I am a person who bears the unearned mark of privilege in today’s world — white, educated, middle class, North American, Protestant, mentally stable, physically able. As such, I believe that rather than self-righteously reveling in my so-called blessing, I am obligated to understand the weight of my blessing, starting with a holy woe-is-me fear of God. I am the one who is provoked, not comforted by Jesus’ words. The question then becomes: provoked unto what?
Being born with a light load, my shoulders are fit to bear others’ burdens, lest my body begin to atrophy. Augustine advises, “Something that does not give out when it’s given away is not possessed as it should be when it is not given away.” So what happens when I give of my religious privilege toward the cause of loving marginalized Muslims? Or my economic privilege by choosing to invest in a struggling neighborhood? Or my white privilege to speak out against racial injustice in my city?

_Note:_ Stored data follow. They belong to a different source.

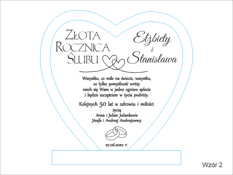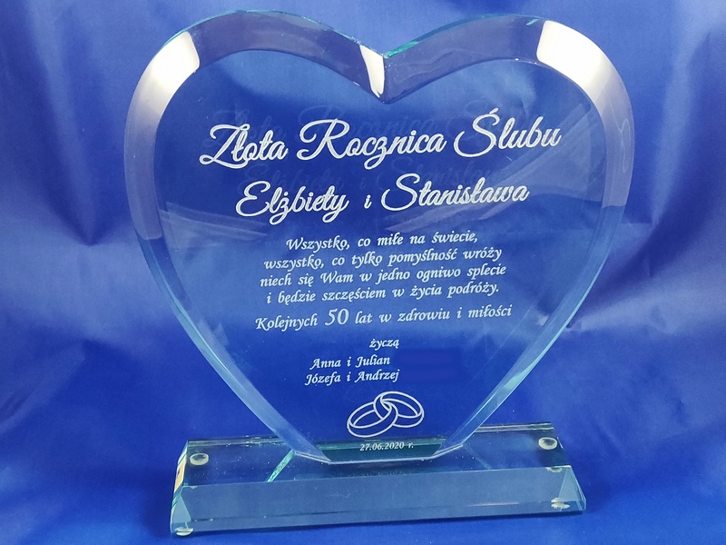 Na szkle wykonany jest grawer ozdobnych grafik oraz okolicznościowej dedykacji na pamiątkę uroczystości Jubileuszu Ślubu.
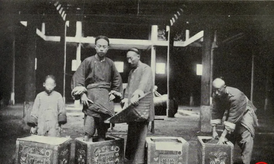 这活儿叫装箱踩茶,木箱外头刷着彩字,里头垫纸,工人卷起裤腿直接站箱里,脚掌一点一点把茶摁实,旁边人抄着铲板往里添,灰尘在梁柱间打旋儿,茶香混着脚汗味,听着不体面,可那时图的是结实耐运,走海路才不至于松散成一箱碎叶子。
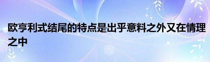 关于欧亨利式结尾的特点是出乎意料之外又在情理之中这个很多人还不知道,今天菲菲来为大家解答以上的问题,现在让我们一起来看看吧!
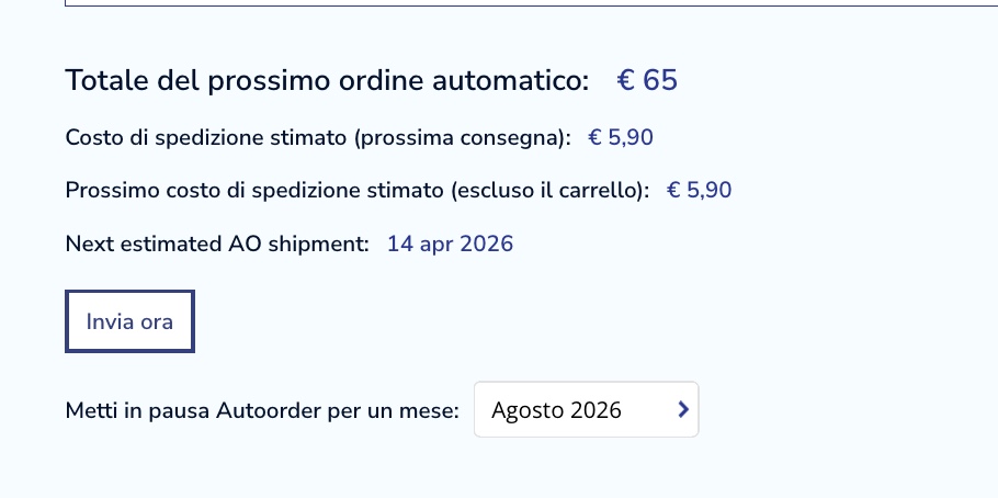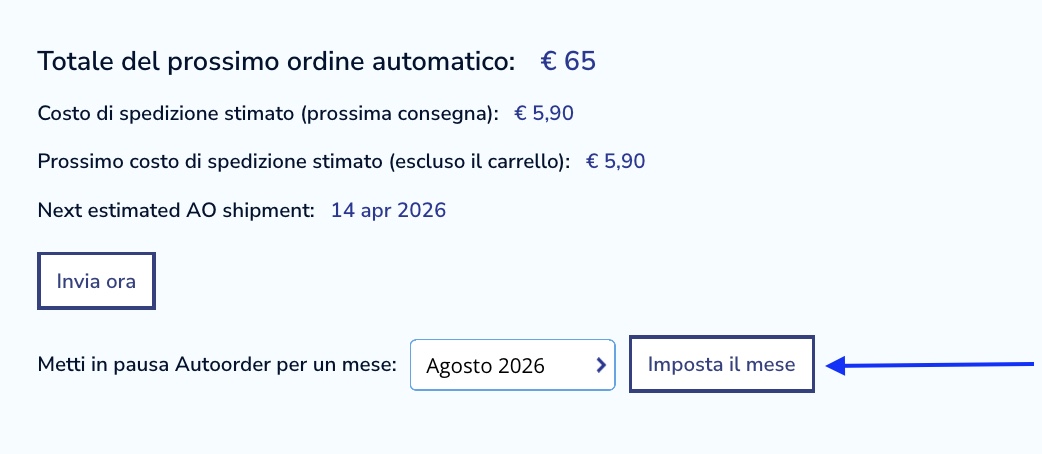 Puoi sospendere l'abbonamento per un mese all'anno direttamente dal tuo account. Vai su “Il mio account” e poi su “I miei ordini”.
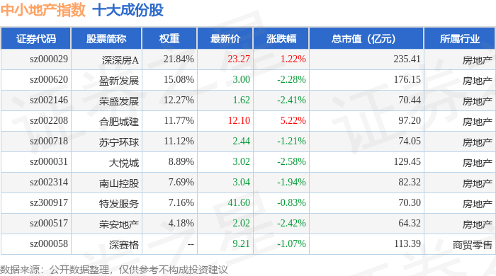 中小地产(971002)指数十大成份股详情如下:
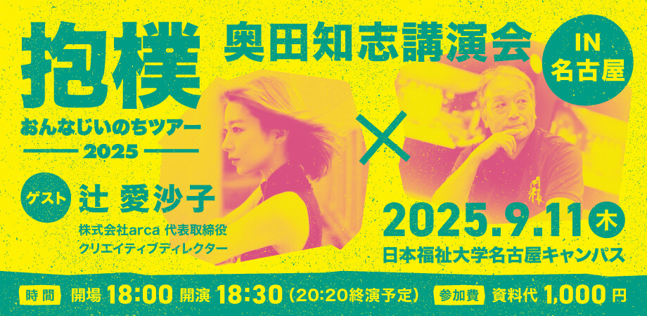 「おんなじいのちツアー2025」と題して、抱樸理事長・奥田知志が全国各地を巡る企画の名古屋開催講演会のご案内です。

On the surface, such paths might appear to invite woes: strained relationships with family members, less security for my children and my home, fewer insider privileges in the halls of power, more sorrow for identifying with the oppressed. But the promises of an upside down Kingdom make little sense in the context of a right-side-up status quo. And where the invasive species of pride and greed die off, space opens up where more hardy natives like unconditional love and true peace can thrive. In the middle of such a garden grows a joy that is not easily swayed by winds of adversity. As Theresa of Avila writes, “Let nothing upset you / let nothing startle you. / All things pass; / God does not change.”
May those of us who have extra room on our shoulders and extra space in our hearts have the courage to pray for blessing with harder words, load-bearing words. Say the fearsome men and women, all together now: “More weight.”